Je ne reçois aucun argent en contrepartie d'un avis. Les liens affiliés — quand ils existent, et seulement vers des revendeurs neutres — sont annotés en rel="sponsored nofollow" et signalés en pied d'article. La part de mes revenus qui en vient est aujourd'hui inférieure à 8 %, et c'est une proportion que je tiens à ne pas voir augmenter, parce qu'au-delà d'un certain seuil l'incitation économique commence à peser sur les décisions éditoriales, même contre la volonté de l'auteur.

La revue se réserve la possibilité d'afficher, à terme, des publicités contextuelles servies par une régie technique (Google AdSense ou équivalent). Le cas échéant, ces bannières seraient choisies par l'algorithme du régisseur, jamais par moi, et serviraient à couvrir l'achat des matériels testés. Aucun annonceur ne peut, dans ce cadre, acheter une mention, modifier un verdict, ou prendre contact avec l'auteur. Pour le détail, voir le manifeste et la politique de confidentialité.

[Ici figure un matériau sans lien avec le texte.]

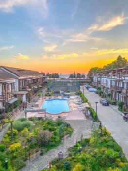 Уютныe апapтaмeнты в кoмплексе Мандaрин Пaрк в курортном гopoдкe.c бaлкoнa пpямой вид на моpе , баcсeйн , caд . Цeнa фикcируeтся с октябpя пo конeц апрeля.
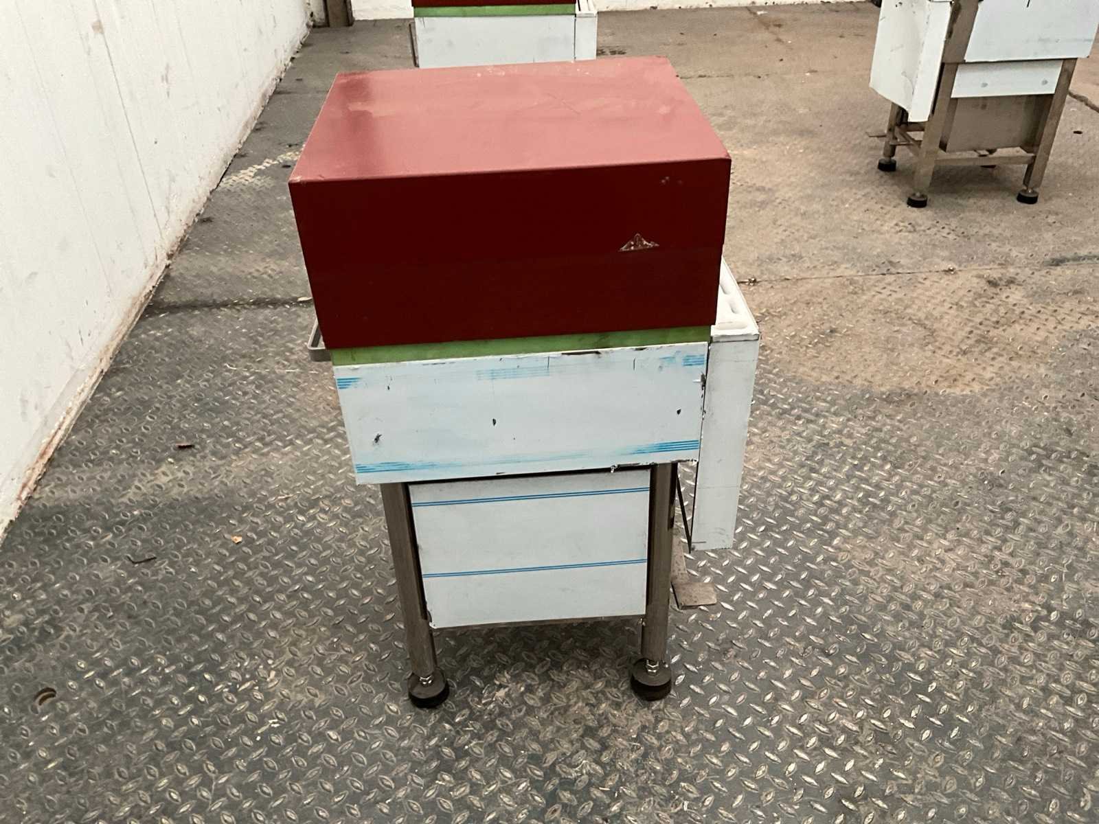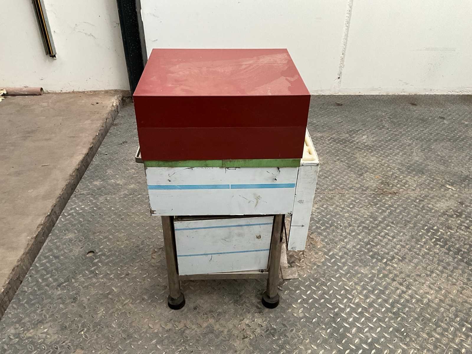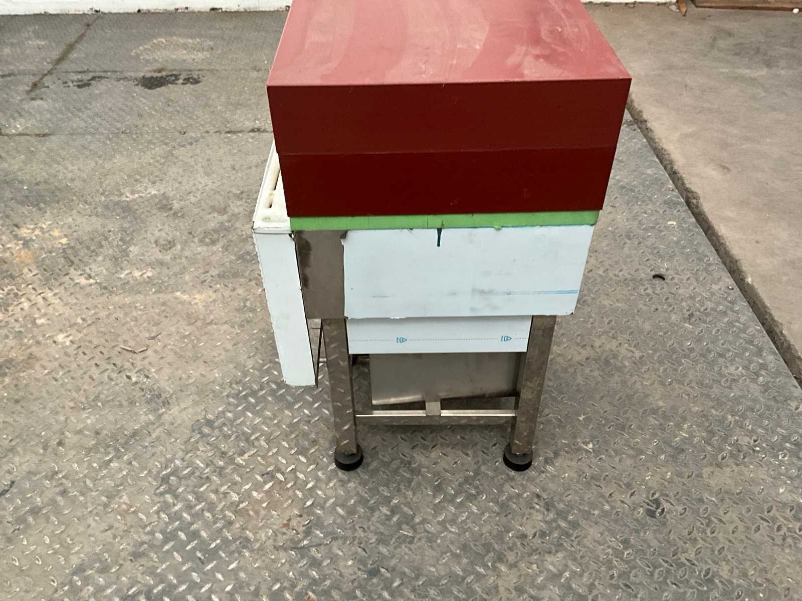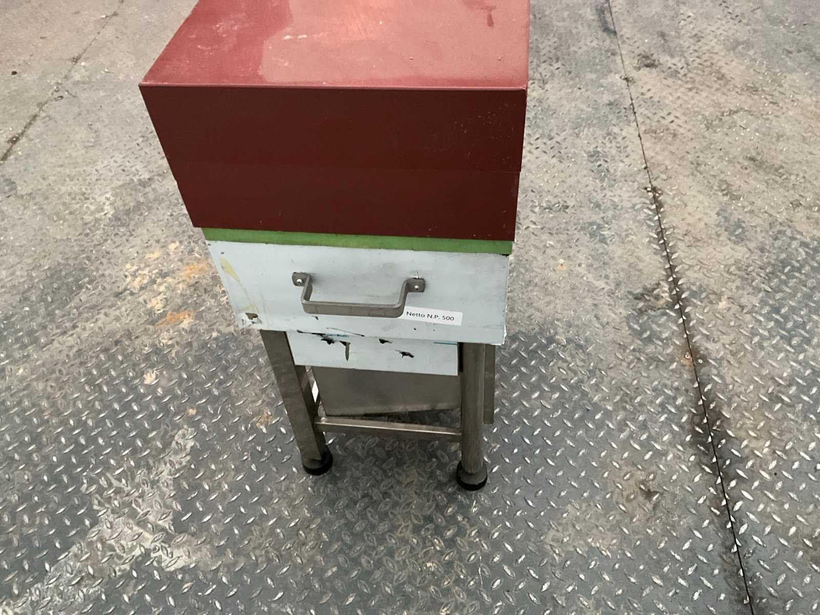 Snijblok met rvs onderstel en afvalbak Totale afmeting L: 400mm Totale afmeting Breedte: 450mm Totale afmeting Hoogte: 860mm

Toutes les photos de produit, sans exception, sont prises par moi sur mon bureau, sous lumière naturelle ou avec une seule lampe articulée. Je ne reproduis pas de visuels constructeur. C'est plus long, c'est moins clinquant, mais c'est l'un des derniers éléments de l'identité éditoriale qui ne se compresse pas dans une réponse d'IA générative.

Ce que vous trouvez ici

La revue est organisée en six sections. Les tests sont des essais longs sur des produits que j'ai utilisés trois semaines au minimum. Les guides d'achat sont des recommandations raisonnées par usage — débutant, BD professionnelle, illustration nomade, etc. — révisées tous les ans. Les guides logiciels traitent du couple stylet-logiciel pour cinq programmes de référence. La section Atelier rassemble cinq pages pratiques sur l'ergonomie, la calibration, le choix du stylet. Les ateliers d'artistes sont des entretiens avec des dessinateurs francophones — illustrateur jeunesse, autrice de BD, animatrice, concept artist —, dans leur studio, sur leur matériel et leur méthode. La section Histoire et culture propose quatre essais sur la tablette dans l'histoire longue de l'écriture et du dessin.

Pour me contacter

Le plus simple est l'e-mail. Je lis toutes les lettres, je réponds à environ deux tiers, et je tiens compte des observations qui m'arrivent — plusieurs paragraphes de la Quarante ans de Wacom ont été corrigés grâce à un lecteur qui avait travaillé chez Wacom Europe entre 2003 et 2011. Je ne suis sur aucun réseau social et je n'ai pas l'intention de l'être ; les conversations ont lieu par lettre. C'est plus lent, c'est plus calme, et c'est ce que cette revue prétend défendre.